Below is an example from the dataset:

{
    "instruction": "Необходимо реализовать логику на языке Python для следующей программы\n{function}",
    "inputs": {
        "function": "\n\ndef greatest_common_divisor(a: int, b: int) -> int:\n    \"\"\"Верните наибольший общий делитель двух целых чисел a и b.\n    Примеры: \n        greatest_common_divisor(3, 5) \n        1 \n        greatest_common_divisor(25, 15) \n        5\n    \"\"\"",
        "tests": "[{'a': 100, 'b': 50}, {'a': 98, 'b': 56}, {'a': 540, 'b': 288}, {'a': 81, 'b': 27}, {'a': 33, 'b': 55}, {'a': 7, 'b': 13}, {'a': 14, 'b': 28}, {'a': 10, 'b': 25}, {'a': 12, 'b': 54}, {'a': 21, 'b': 35}]"
    },
    "outputs": [
        "50",
        "14",
        "36",
        "27",
        "11",
        "1",
        "14",
        "5",
        "6",
        "7"
    ],
    "meta": {
        "id": 13,
        "canonical_solution": "\n\n    def query_gcd(a: int, b: int) -> int:\n        return a if b == 0 else query_gcd(b, a % b)\n    return query_gcd(a, b)    \n\n",
        "entry_point": "greatest_common_divisor"
    }
}

Prompts

For this task 10 prompts of varying difficulty were created. Example:

"Допишите код на языке Python в соответствии с условием, приведенным в описании\n{function}"

Dataset Creation

The test set was manually collected from open sources according to the format of the original open set openai_humaneval, adjusted the dataset to avoid data leakage in training and took into account the corrections described in [2].

Evaluation

Metrics

The model is evaluated using the pass@k metric, which is computed as follows:

pass@k:=Eproblems[1(nck)(nk)] pass@k:=\mathbb{E}_{problems}\left[1-\frac{\binom{n-c}{k}}{\binom{n}{k}}\right]

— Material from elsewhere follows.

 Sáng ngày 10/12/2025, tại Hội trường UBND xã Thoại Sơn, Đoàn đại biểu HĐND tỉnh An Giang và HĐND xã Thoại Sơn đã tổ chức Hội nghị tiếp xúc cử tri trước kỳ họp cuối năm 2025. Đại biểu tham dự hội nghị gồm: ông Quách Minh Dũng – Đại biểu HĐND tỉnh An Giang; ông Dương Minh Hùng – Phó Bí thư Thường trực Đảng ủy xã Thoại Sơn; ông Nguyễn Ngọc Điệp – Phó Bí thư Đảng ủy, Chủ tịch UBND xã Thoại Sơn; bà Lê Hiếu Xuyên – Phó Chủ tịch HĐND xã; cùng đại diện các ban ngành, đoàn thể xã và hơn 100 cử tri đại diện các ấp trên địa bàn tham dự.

Notation: n is the total number of generated solution options, c is the number of solutions that are correct, k is the selected indicator, how many options are taken into account.

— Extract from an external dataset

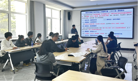 会议伊始,高分子材料与工程专业王世超主任作专题汇报,基于《青岛大学修订本科专业人才培养方案(2025版)原则意见》,王主任通过详实的数据对比,系统分析了2021版人才培养方案实施成效及存在问题,重点解读了2025版人才培养方案的修订要点,如优化学分结构调整,创新课程体系建设,强化实践教学安排等。

To calculate pass@k, n ≥ k solutions are generated for each problem and are run through test cases (we use n = 10 and k ≤ 10 and an average of 10 test cases per problem). Then, the number of the correct solutions is calculated (c ≤ n). The solution is considered to be correct if it passes all test cases. That means the result of running solutions on test cases should be equal to the correct answers (outputs) for one problem. Such an evaluation process yields an unbiased score.

References

[1] Chen, Mark, et al. "Evaluating large language models trained on code." arXiv preprint arXiv:2107.03374 (2021).

[2] Jiawei Liu, Chunqiu Steven Xia, Yuyao Wang, Lingming Zhang Is Your Code Generated by ChatGPT Really Correct? Rigorous Evaluation of Large Language Models for Code Generation.